Figure 1. Estimated timelines for our accelerated tox offering for mAbs, which can reduce timelines for tox material supply by 50 percent.

Harnessing industry expertise to enhance drug development with purpose

As a Principal Scientist of Global Process Development, I actively look to find better solutions for both Lonza’s customers and operations. I an passionate about science and technology and eager to find better ways to achieve operational excellence. Recently, I am proud to lead, and work with, a team of experts at Lonza aiming to modernize our drug material supply timeline for therapeutic proteins. Together, our team is pushing boundaries to speed up toxicology material delivery, the new critical path for FIH trials, for a wide range of protein modalities, while minimizing manufacturing risk and meeting market expectations.

Building new offerings is never a simple task, it requires collective expertise from multiple departments such as Process Development, Analytics, Operations, Business and Commercial Development, and Marketing. Each stage demands careful coordination, drawing specialized knowledge to ensure that the solution is not only scientifically sound but also aligned with the business goals and effectively meets the market demands.

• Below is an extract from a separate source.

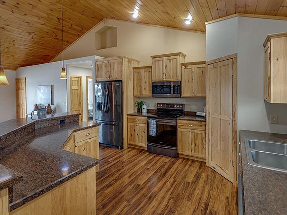 acres. Located in the city of Lakeshore and convenient to boating, fishing, golf, fine dining and premier resorts. This home offers the ease of one level living, lovely open floor plan, beautiful large primary suite with jetted tub and separate tiled shower. 2 more bedrooms with full bath between. Stone gas fireplace, two covered porches,& in-floor heat. Massive 48' x 56' Fenced garden. New water system in 2022, newer kitchen appliances, huge island & pantry. Attached garage is heated. Whether you are looking for a hobby farm or privacy, you have found it here.
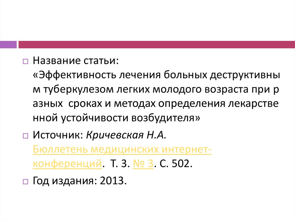Бюллетень медицинских интернетконференций. Т. 3. № 3. С. 502.

The impact of collaboration in supporting customers on their path to the clinic

I have found the dedication of our team inspiring, and it’s an honor to witness how we strike a balance between collective and individual contributions to foster an environment where the expertise and unwavering commitment of every team member is amalgamated to provide solutions that meet our current customer demands. This led not only to improved development timelines and cost but also has helped me to enhance my understanding of the complexity of each journey our customers face when bringing life-changing treatments to clinical trials. 

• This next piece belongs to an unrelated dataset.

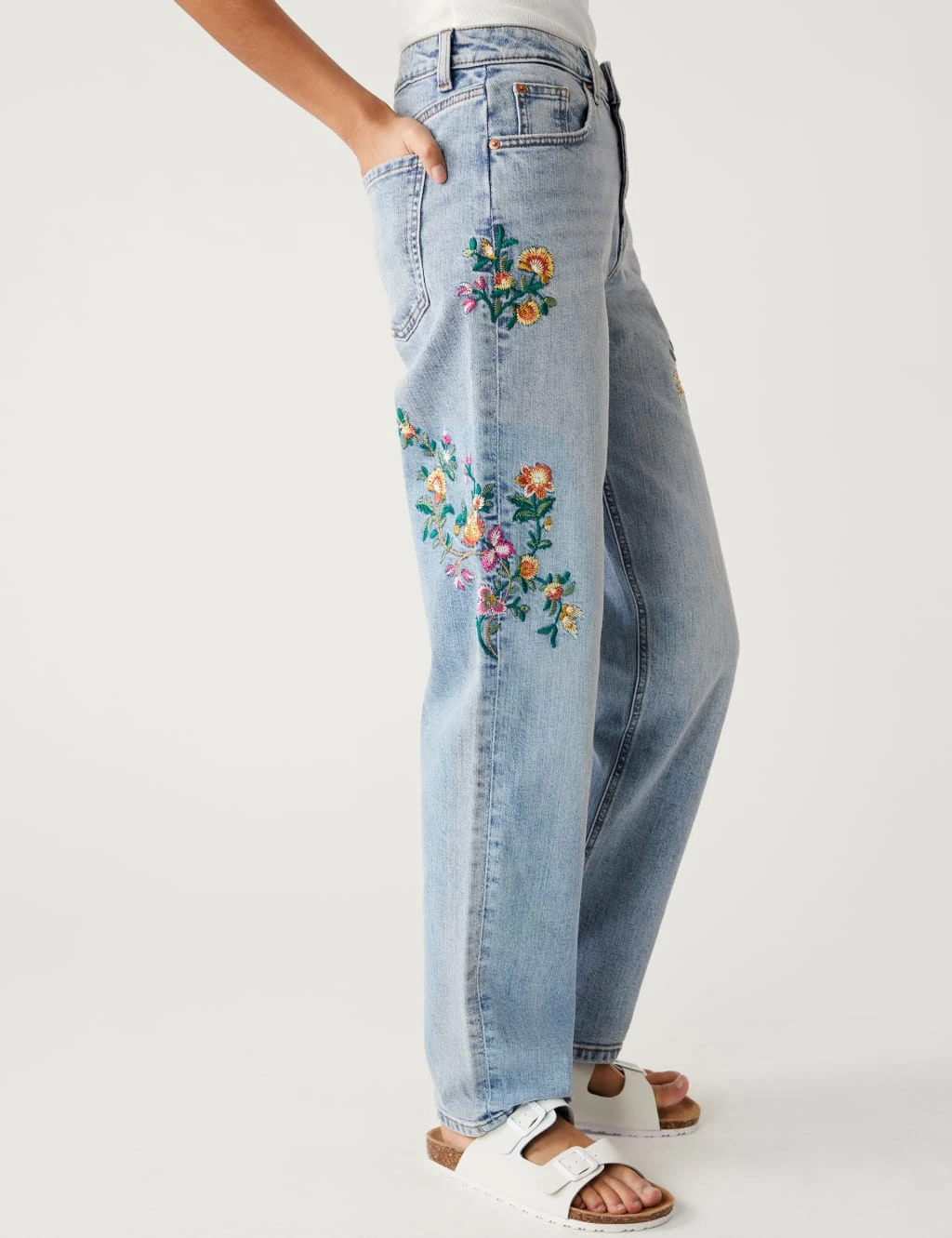 These embroidered jeans will be the star of your casual wardrobe. They’re cut to our popular boyfriend fit, with a looser style through the legs and a contemporary ankle grazer length. The mid-rise waist is secured with a zip and button fastening for easy wear. Added stretch in the authentic washed denim adds extra comfort.

For me, being a scientist at Lonza is a rewarding and fulfilling experience as I work and learn first-hand from diverse teams of experts across the global network. I have enjoyed channeling our expertise and passion to provide integrated offerings that speed up timelines while producing high quality products for use in clinical trials. Every step from accelerating toxicology material generation to reducing risk has been a collaborative effort. Personally, it has deepened my understanding of our business and the vital role we play in the industry.

Gaining extra time for thorough toxicology studies

Our rapid tox offerings deliver tox material sooner, which means that customers can initiate toxicology studies earlier than previously possible. In an industry where time is a scarce commodity, these new rapid tox offerings are not merely advantageous, but transformative, as this offering gives up to 2.5 months of additional time capacity to our customer to complete tox studies and comply with expedited IND timelines.